Like all strange geographic phenomena, the origins of this odd sandbox can be traced back to Ice Age glaciers that migrated across the land dumping sand and gravel. But the same can be said of the surrounding region, which grew into a lush forest in the millions of years since. The area was stripped of trees and intensely exploited in the 13th century to fortify the tunnels of the nearby Olkusz silver and lead mines, which subsequently lowered the water table to the point that it couldn't support plant life. Therefore, the desert is technically considered to be of 'anthropogenic origin' or, in layman's terms, man-made. If you prefer legend, however (and who doesn't?), the desert was actually created by the Devil in an attempt to hide the silver deposits beneath it.

By the 1930s, the desert had grown to an impressive 150 square kilometres and during WWII was found to be an ideal training grounds for Nazi Field Marshall Rommel and his 'Afrika Korps.' Abandoned military bunkers can still be found on both ends of the desert, and even today the Polish army still does parachute jumps in the northern part of the desert in spring and summer.

After the war, as further exploitation of the land had the desert primed to expand further, the Polish government began trying to contain it. Fearing encroachment of the sand patch into neighbouring farmlands, the area was ploughed and seeded with pine and willow trees. This forestation programme went on actively through the 1970s and was wildly successful in strangling the dunes with vegetation; so much so that if left unchecked the Błędów Desert would continue shrinking on its own until it eventually vanished completely, like some sort of mirage that was never there. In fact, as recently as the 60s, visitors were able to witness strange desert phenomena here like sandstorms and mirages.
 
Błędów Desert / Pustynia Błędowska

In what can only be viewed with a certain irony - since Błędów Desert's very existence is the accidental consequence of environmental expolitation, and it serves no strategic purpose - recent decades have seen a concentrated effort from naturalists to protect and restore the desert, with the EU even flipping in some coinage. Encroaching vegetation is being stripped, plants are being weeded and animals (camels?!) are even being set out here to graze (no, not camels) all in an effort to preserve the sandy wastes as a unique topographical attraction.
 

How to Visit & What to See

Is it an attraction worth seeing, though? Well, that depends how much you mind sand getting into literally everything. It is certainly an extremely peaceful place to explore and offers a hiking experience unlike any you'll find elsewhere in the heartland of Europe. The abandoned military bunkers offer creepy, downright bonkers destinations to discover, there are several marked educational trails, picnic areas and also observation towers to give you a better perspective on the desert's dimensions.
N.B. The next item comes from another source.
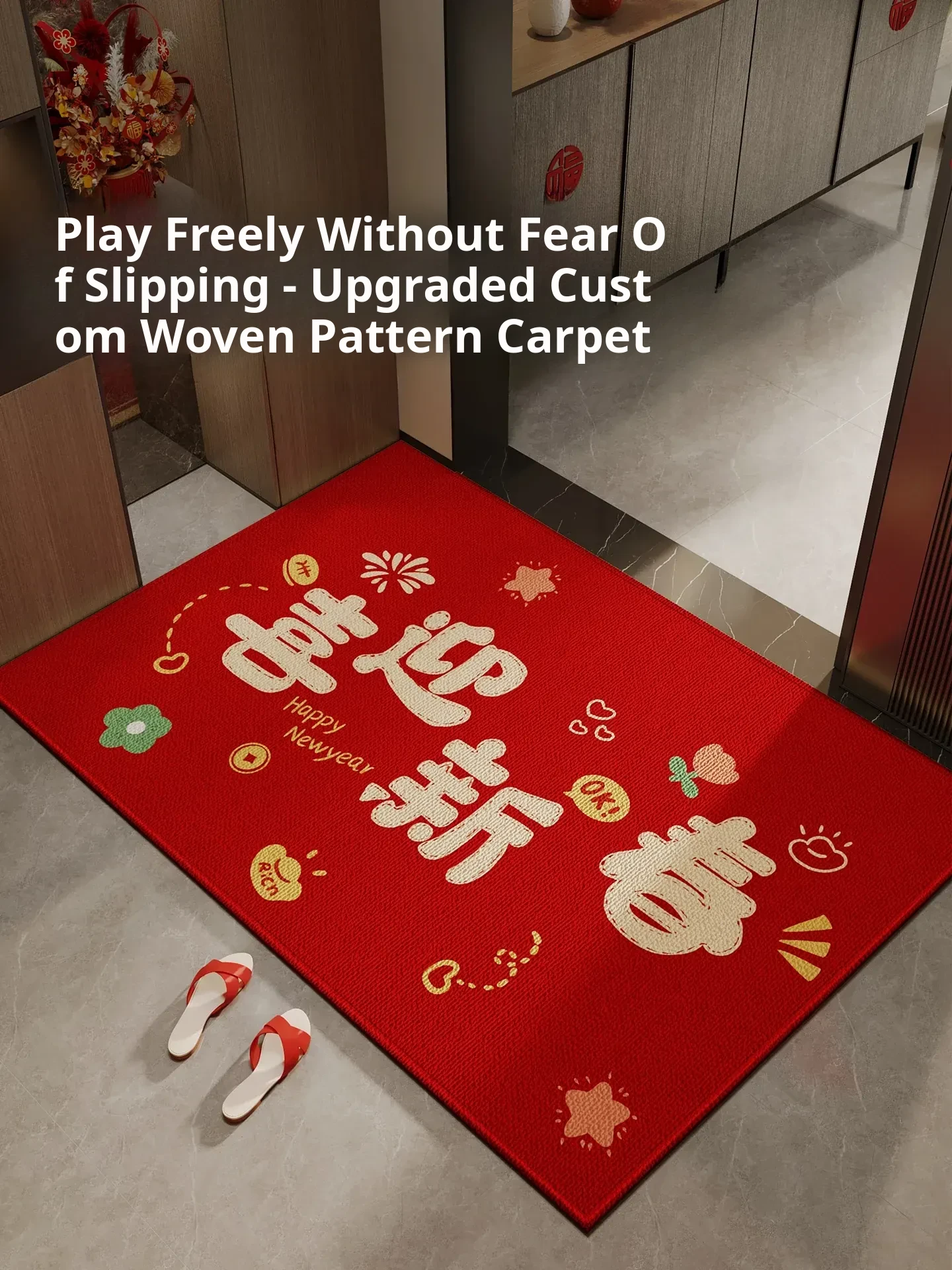 Premium Red New Year Door Mat - Festive and Elegant Entrance Carpet, Durable and Non-Slip Welcome Mat for a Stylish Home Entryway
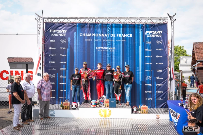 Le ciel avait viré au bleu pour le départ de la finale Master-Gentleman du Championnat de France à Septfontaine. David Chenillot (G-Redspeed/Iame) menait dès le départ, Guillaume Barbarin (M-KR/Iame) passait en 2e position dans le 1er tour face à Laurent Marchandise (M-Redspeed/Iame) qui répliquait. La lutte entre ces deux pilotes tournait à l’avantage de Barbarin, Thomas Jacquemin (M-Sodi/Iame) passait 3e devant Marchandise. Chenillot en avait profiter pour accroître son avance au-delà d’une seconde. Marchandise revenait 3e, et attaquait à nouveau Barbarin. Ludovic François (G- Tony Kart/Iame) retrouvait la 5e position devant Ludovic Ivanes (G-OTK/Iame). Les positions changeait à chaque tour entre Marchandise et Barbarin. Au premier tiers de la course, Chenillot était pointé plus de 2 secondes devant le duo endiablé et contginuait à enchainer les meilleurs tours. Plus loin, Michael Girardet (M-Sodi/Iame) avait progressé de 6 places au 7e rang. Les tours se suivaient sur la riante colline. Chenillot remportait la course avec le meilleur tour et devenait Champion de France Gentlmeman, 3,6’’ devant Marchandise, nouveau Champion de France Master. Barbarin a tenté jusqu’au bout de dépasser Marchandise, mais le décalage entre ses points forts sur la piste et ceux de son rival ont anéanti son objectif. Jacquemin terminait 4e à plus de 3’’ devant François.

To call it a proper tourist attraction might still be taking things a bit too far, despite recent energy invested into making it more of one.
Google Maps satellite view of Błędów Desert, with the Biała Przemsza river running through it.

Błędów Desert is basically split in two sections bisected by the comparably lush Biała Przemsza river valley: the northern section (just south of Chechło) and the southern section (just west of Klucze). To explore the area you really need a car (and then maybe a camel or horse), but you can get to Klucze by bus from Kraków's main bus station (try e-podroznik.pl for connections). By car or bus, Klucze and the desert are about one hour's journey from Kraków.
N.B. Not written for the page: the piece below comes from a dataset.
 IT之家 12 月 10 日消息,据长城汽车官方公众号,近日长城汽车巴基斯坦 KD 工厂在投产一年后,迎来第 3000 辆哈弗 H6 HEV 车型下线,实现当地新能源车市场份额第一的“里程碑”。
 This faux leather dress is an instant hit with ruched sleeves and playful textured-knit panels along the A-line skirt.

Below we list the main points of interest for tourists.

1. Róża Wiatrów

Drone's-eye view of Róża Wiatrów, Błędów Desert

The romantically named 'Rose of Winds' recreation area is located on the southern edge of the southern section of the desert near Klucze. Created in 2018, the site is the ideal entry point to the desert and comprises a star-shaped complex of wooden gazebos, platforms and piers, as well as information posts and a viewing platform. The site gives access to educational trails and was also created to host cultural events. There is a parking area just south of here and it is a short walk east through the sands to reach one of the desert's old abandoned military bunkers.

2. Czubatka Hill

View of Błędów Desert from Czubatka Hill.
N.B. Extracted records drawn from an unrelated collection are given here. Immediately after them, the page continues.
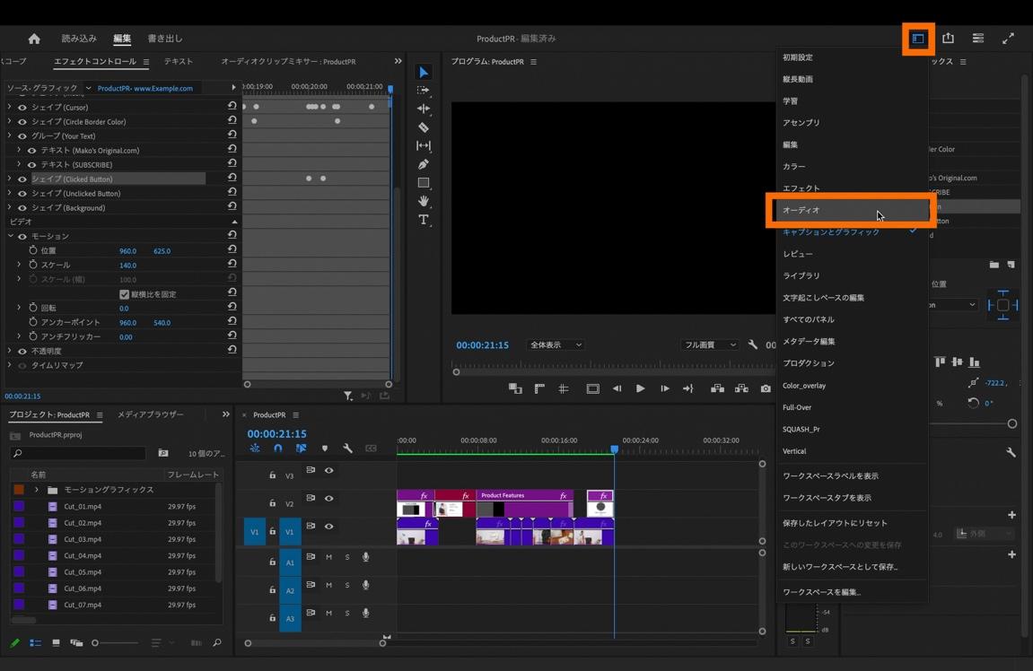 最後に音楽を追加して、動画を仕上げます。オーディオの編集なので、画面右上にある「ワークスペース」を選択してワークスペースの表示を「オーディオ」に切り替えます。
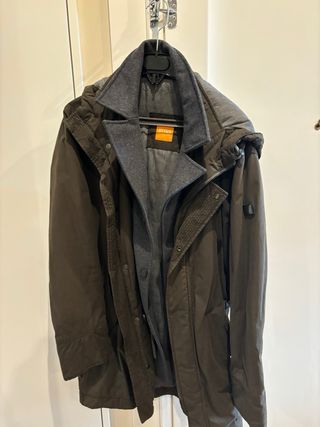 Abrigo de la marca Hugo Boss en color marrón con chaleco gris extraible.
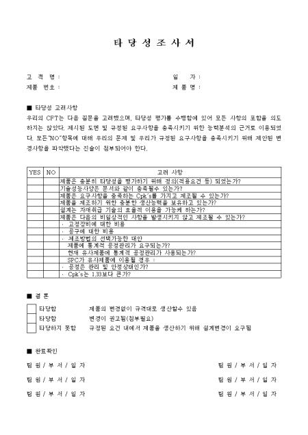 제품의 충분한 타당성 여부를 보고할 때 사용하는 양식입니다.
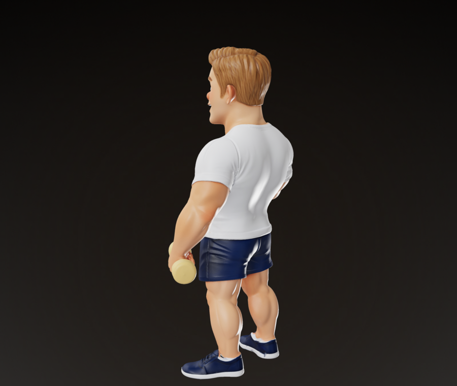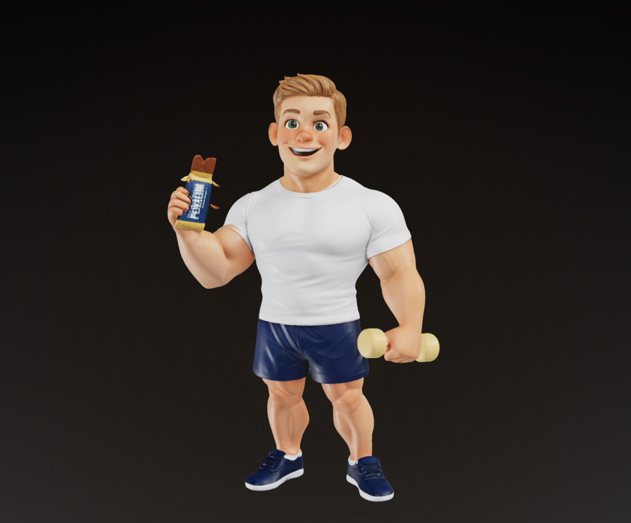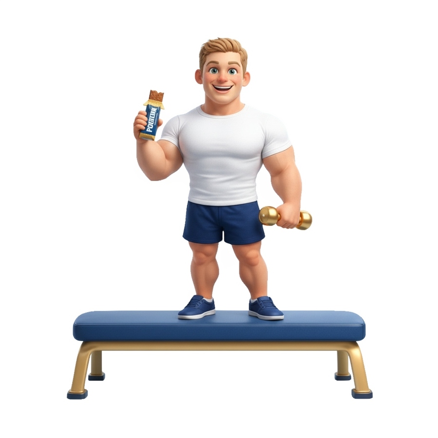 Символический атрибут: протеиновый батончик и гантеля — намёк на любовь к спорту.
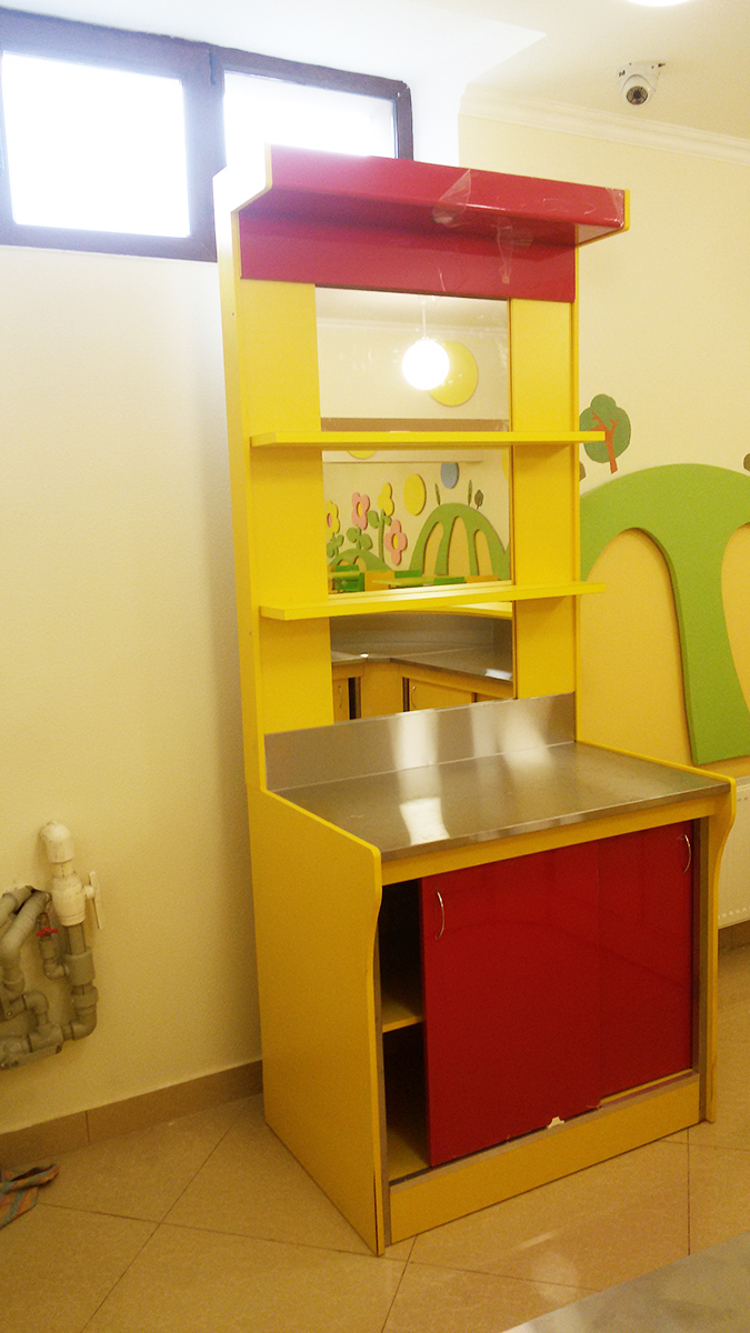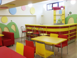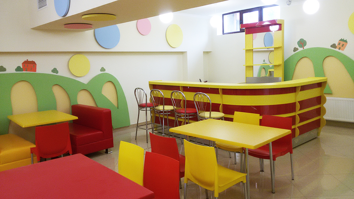Атмосферу радостного и красивого детского кафе в развлекательном центре г. Владикавказа, мы создали при помощи сочетания ярких цветов, а также игрой фактур. Глянцевые и матовые поверхности на барной стойке поддерживаются в мягкой мебели и стульях, создавая интересный колорит заведения. Сочетания разных форм и фактур важно для развития маленьких посетителей.

Closer to the centre of Klucze is Czubatka Hill, formerly the most developed access point to the desert. 382 metres above sea level, Czubatka offers lots of parking, some gazebos and views to the west over the southern part of the desert. Climb the tall observation tower for an even better vantage point. Not actually in the desert, from here you can take the yellow trail down into the sands, reaching the edge of the desert in about 10mins, and the Róża Wiatrów area in 20mins. In the evening it makes a dreamy spot for sunset views, and the lights and fires of industrial sites can also be seen in the distance.

3. Dąbrówka Hill

Błędów Desert, Dąbrowka Hill viewing platform.

The northern part of Błędów Desert is actually more pristine with larger dunes and less brush. Dąbrówka Hill is located in the middle of the northern edge of the northern section of the desert. A bit more remote, there are informational boards and some vandalised military ruins scattered about, as well as a new (but low) viewing platform over the sand, which is handicap accessible. Despite being directly on the sand, you are on a hill here (355 metres above sea level), so you have some solid views of the dreamy desert desolation.